Because supervisor elections in San Francisco are
theoretically non-partisan, we see that IRV
almost always results in the same as plurality
would, for these elections (based on
first-preference votes alone). However, there is
an exception in San Francisco, where ethnic
affiliation was helplessly displayed through
candidate names. In this situation, IRV functions
as if there is a partisan affiliation.
Sure, IRV "ends the need for costly runoff
elections," but at the cost of democratic choice.
There is a far better way to avoid *most*
runoffs, and it starts with something very
simple. Just Count All the Votes. If this is
done, multiple approvals become a *possibility*,
which *will* be used by some voters who favor a
no-hope candidate. They will add a vote for the frontrunner.
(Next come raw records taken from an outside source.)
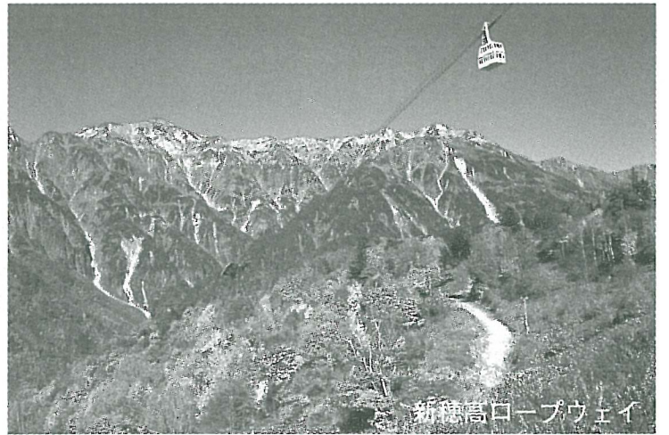
新穂高ロープウェイ
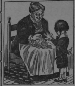
Davis & Lawrence Co., Nueva York.

Muestras gratis con todos los vendedores o directamente con
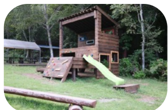
アスレチック：無料
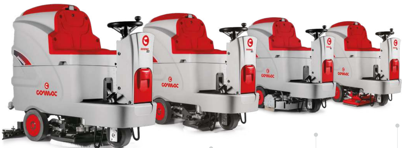
INNOVA 60 Versión con un cepillo de disco
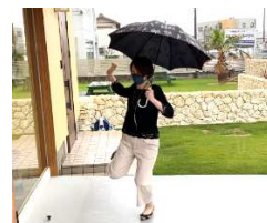
スタッフ上村がジャンプしても滑らない！

This is an obvious improvement over vote-for-one
Plurality. Only a few voters will add additional
approvals, but it can be enough to find a majority for the winner.
And then there is a method that allows voters to
rank candidiates, it could be called Instant
Runoff Approval. It's a very simple method to
canvass, and simple to understand how to vote,
and it was used widely in the U.S. for a time,
political scientists were quite excited about it,
back in the 1920s. It was very popular with
voters, and it was probably eliminated *because
it worked.* It fixed the spoiler effect, but, in
addition, it actually elected candidates who
would not have had a chance otherwise, because of major-party dominance.
IRV eliminates runoffs, sure, but at the cost of
finding majority approval of the winner. It would
have been cheaper, and possibly fairer, to just
eliminate the runoffs and use Plurality.
But much better is possible. Use top two runoff,
which was always considered an advanced voting
system in itself, but use an advanced system in
the primary to (1) find majorities if possible --
and Bucklin was able to find majorities in
elections with *many* candidates -- (2) make
better choices of candidates for a runoff, if
needed. IRV can make a *terrible* choice when
there are three viable candidates, for its
"instant runoff," and ordinary top-two runoff can
do the same. But Count All the Votes (Approval)
is less likely to do this, and Bucklin would
almost never do it, with good rules.
Both Count All The Votes and Bucklin (which also
counts all the votes) are very easy to canvass,
unlike IRV, where a single error in a precinct
can cause all other precincts to need to be recounted.
Count All the Votes is so obvious as a desirable
reform that, even if IRV were kept, all the votes
should be counted. That would allow IRV to become
ranked Approval, similar to Bucklin, but with a
weird rule that discards votes. Still, with full
voting allowed (i.e., voters can rank more than
one candidate in a particular rank), it would
greatly improve IRV. 3-rank RCV with multiple
votes allowed would become a more flexible
system, able to handle more candidates, voters
could rank a "candidate set" rather than just a
candidate. Just as an option! Nobody has to vote
that way, but the question is whether or not
voters should be *allowed* to do it. And why not?
Have I mentioned that we should Count All the
Votes, no matter what system we use?